Yes, the guy was hauled off in shackles -- and good on the government for finding out about his crimes and locking him up before he could commit more. I'm grateful for that. Yes, they held him as a material witness; that is a tool in the government's arsenal and if you don't like it, get a new law passed or take it on in the courts (because in this country, you can) but note that this is what police and prosecutors do: They got the bad guy, they got the confession, they got the truth, and they got his cooperation to stop other criminals before they murder more of us. Thank goodness.
I'll defend civil rights as loudly as the next person. I'll fear and sneer at John Ashcroft as much as anybody. But I'll also defend the government as it does its first and most important job: Defending us.

: There is a new priority in this country: We must protect our citizens from terrorist attacks that we now know all to well are real. We forget that at the peril of our lives.
So am I OK with the government locking up "Mike"? Oh, you bet. Am I OK with the TSA and the airlines making sure that our planes are safe -- even to the point of failing to see the humor or irony in a "suspected terrorist" button or a note about a bomb? Absolutely.
I will say this again and keep saying it: I stood a few hundred yards below two jets as they vaporized at the World Trade Center, taking thousands of innocent lives with them.

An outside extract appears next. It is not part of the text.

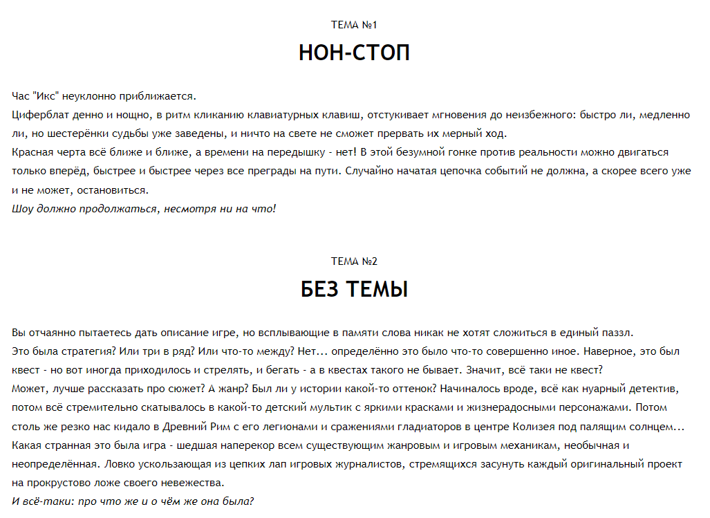 >Каждое твг кто-то требует прям явную реализацию темы. >Интерпретация свободная же. >На что вдохновила тема то и сделал. А тебе не кажется, что занимался ты интерпретацией и реализации темы: "То, что на виду - загадка. Но то, что скрыто - явно" из прошлого ТВГ, и именно она тебя вдохновляла? Мне вот кажется. А ещё мне кажется, что если любого человека попросить посмотреть на пикрелейтед скрины и спросить какая тема у этой игры, НОН СТОП или "То, что на виду - загадка. Но то, что скрыто - явно.", то никто не выберет НОН-СТОП.

The threat is that real. I will not see that happen again because we want to be nice to "Mike" or because some jerk wants to make an obnoxious point. Tough. It's a new, hard reality we're living in.

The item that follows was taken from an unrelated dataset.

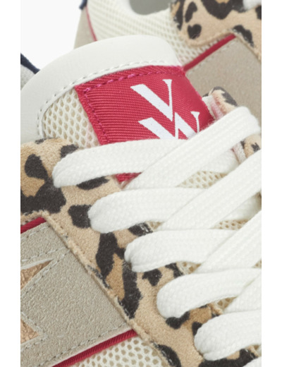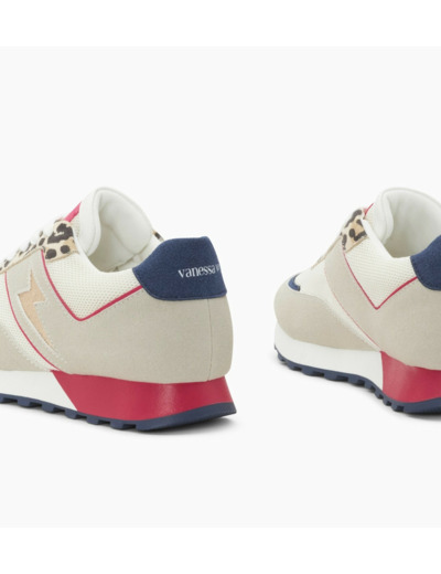 Empiècements latéraux en suédine beige et détails bordés d’un liseré rouge

: Oregonian columnist David Reinhard didn't buy the Hawash hogwash and stood up bravely against the PC mob that supported him. Reinhard wrote last May:

But after federal prosecutors charged Maher "Mike" Hawash with conspiring to wage war against the United States and aid al-Qaida and the Taliban in Afghanistan -- well, the "dark night of fascism" humbug looked a spot weak.
And his column today says:
Hawash seems to have owned up to his wrongdoing. I wonder if Hawash's friends and those who were so quick to excoriate the government in this case ever will.
Sticking by a friend -- even a guilty one -- through tough times is one thing. Hawash's friends don't need to apologize for this one bit. What was disturbing in this case, however, was their raw hostility to the government and anyone who questioned Hawash's innocence. Against all evidence to the contrary, Hawash's friends and some media commentators were so eager think the best of "Mike" that they were ever-ready to think the very worst of our law enforcement officials.
I wonder if folks who played the cheapest kind of identity politics in this case -- they're picking on Hawash because he's an Arab American in post-9/11 America -- will ask forgiveness. Will the chatterboxes who likened law enforcement officials to Nazis or Latin American juntas apologize for their disgraceful references? Will they even recognize the war on terror is not a game, played with overwrought metaphors and tired phrases? I wonder if we'll see "We're sorry. We were wrong" on the "Free Mike Hawash" Web site.
Bam!

: Give these people credit: The Free Mike Hawash site did acknowledge their hero's copping to a plea of aiding and abetting terrorists. "Aug 6: Mike pled guilty today to one count of his three-count indictment. He admitted attempting to enter Afghanistan with members of the "Portland 6". We hope that justice has been served, and our focus now shifts to support for Mike's family in this difficult time."
Oh. Nevermind.

: Note also that Hawash has agreed to travel to Guantanamo, presumably to testify against terrorist slime there. See his plea deal here.